2. Capacity planning and VM placement. As your virtualized pool grows in size, you will need tools that analyze capacity trends and optimize where your VMs run to minimize hardware footprint. These tools will be able to alert operations and engineering when resources are running low to guard against overprovisioning. You want to maximize capacity utilization to squeeze the most value from your server investments, but doing so without sufficient visibility is dangerous.
3. Performance monitoring. Performance measurement will rise in importance as you increase the number of VMs per physical host and drive up overall utilization. We find this to be a particularly critical tool as you approach 20 or 30 VMs per physical server. To prevent problems from affecting user experience with multiple apps, your administrators need VM-aware performance monitoring tools that can help pinpoint issues.
4. Real-time automation.
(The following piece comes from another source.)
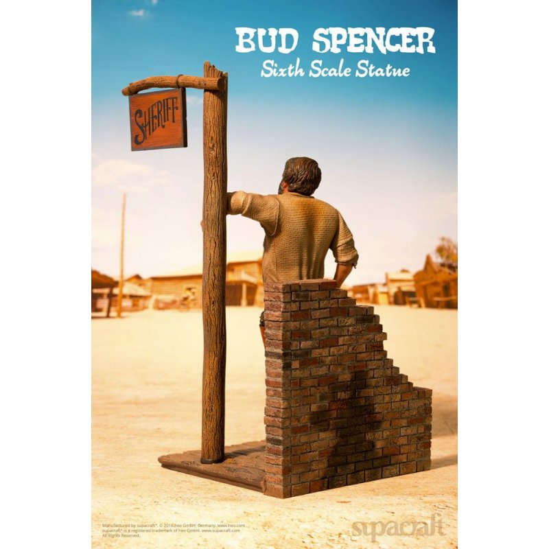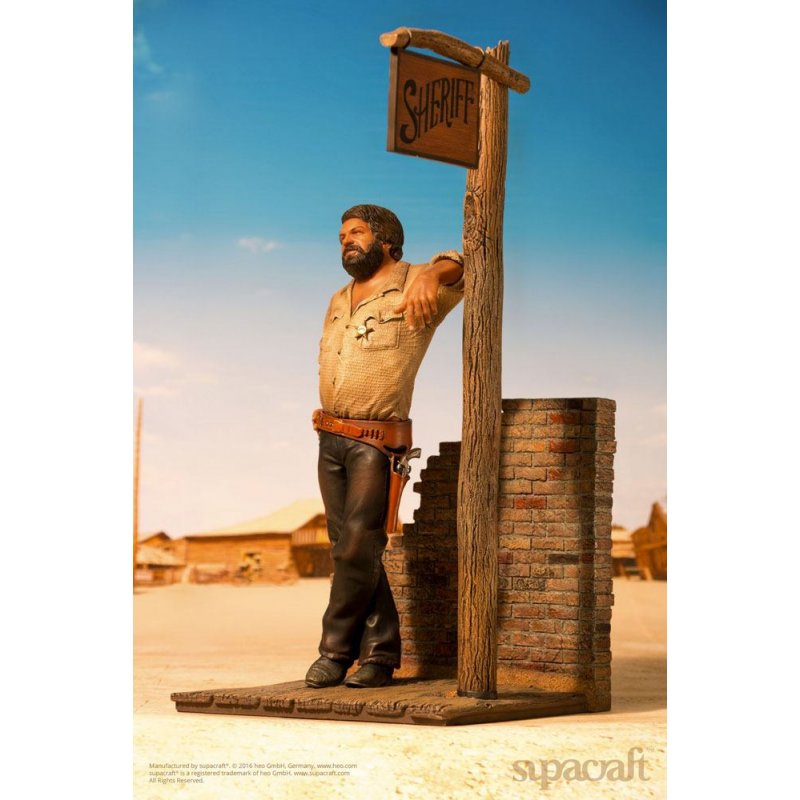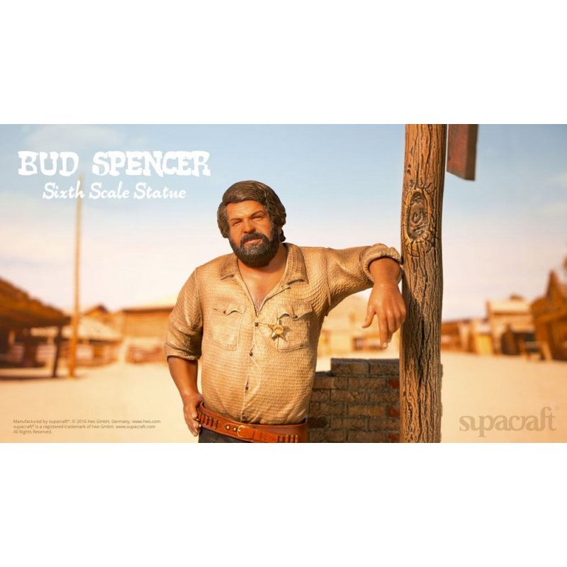 Olympic swimmer, composer, pilot, inventor and European cult cinema icon. While these are some (and not even all) steps in the incredible life and works of the great Bud Spencer, many of us simply see him as our childhood hero! Very few actors have a more dedicated cult following than the Italian screen legend.Fans and collectors are desperately waiting for many years now for some high-end Bud Spencer collectibles and the wait is finally over! supacraft® proudly presents the world's first officially licensed Bud Spencer 1/6 scale resin statue. It shows him in his early days of acting in several Spaghetti Western movies which brought so much fun to this genre.The statue is true to Bud's appearance in those days and bursting with details. The head sculpt features an incredible likeness of Bud Spencer and also his build, the relaxed pose and facial expression and the clothes he wears - all look like they were cut right out of the silver screen. Many small details, like the dusty look of his clothes, the sweat stain on his back, the dirt under his fingernails, his belt , the sheriff's star, his spurs and even the spot where his shirt is untucked, bring joy to any collector's heart. The removable gun fits perfectly inside the holster. The beautifully crafted diorama base gives everything the perfect final touch.We at supacraft® had the honour and privilege to work with Mr. Spencer directly to make this masterpiece happen! The Maestro himself approved the final prototype of this collectible in early 2016, before he sadly passed away later that year. We will always remember him as the kind, humble, larger than life person he was and we are happy to be able to honour his legacy with such a wonderful piece of art.The statue is limited to 1.500 pieces and will include a certificate of authenticity and a medal of authenticity, which is housed in a case with velour interior.Features:- 1/6-scale resin statue - Western-style diorama base - Limited edition of 1.500 pieces - Certificate and medal of authenticity - Full-color cardboard packaging with foam interiorProduct specifications:Height: 44 cm (height of figure without base: 32 cm) Length: 20 cm Width: 22 cm Weight: 3965 g

As your virtual environment grows in size and complexity, you’ll need tools that can perform real-time automation by adjusting virtual or physical infrastructure to compensate for failures. Many IT services, like virtualization management, are reaching a level of complexity where sophisticated mathematical algorithms and object models of the services are more precise and efficient than even your most talented engineers.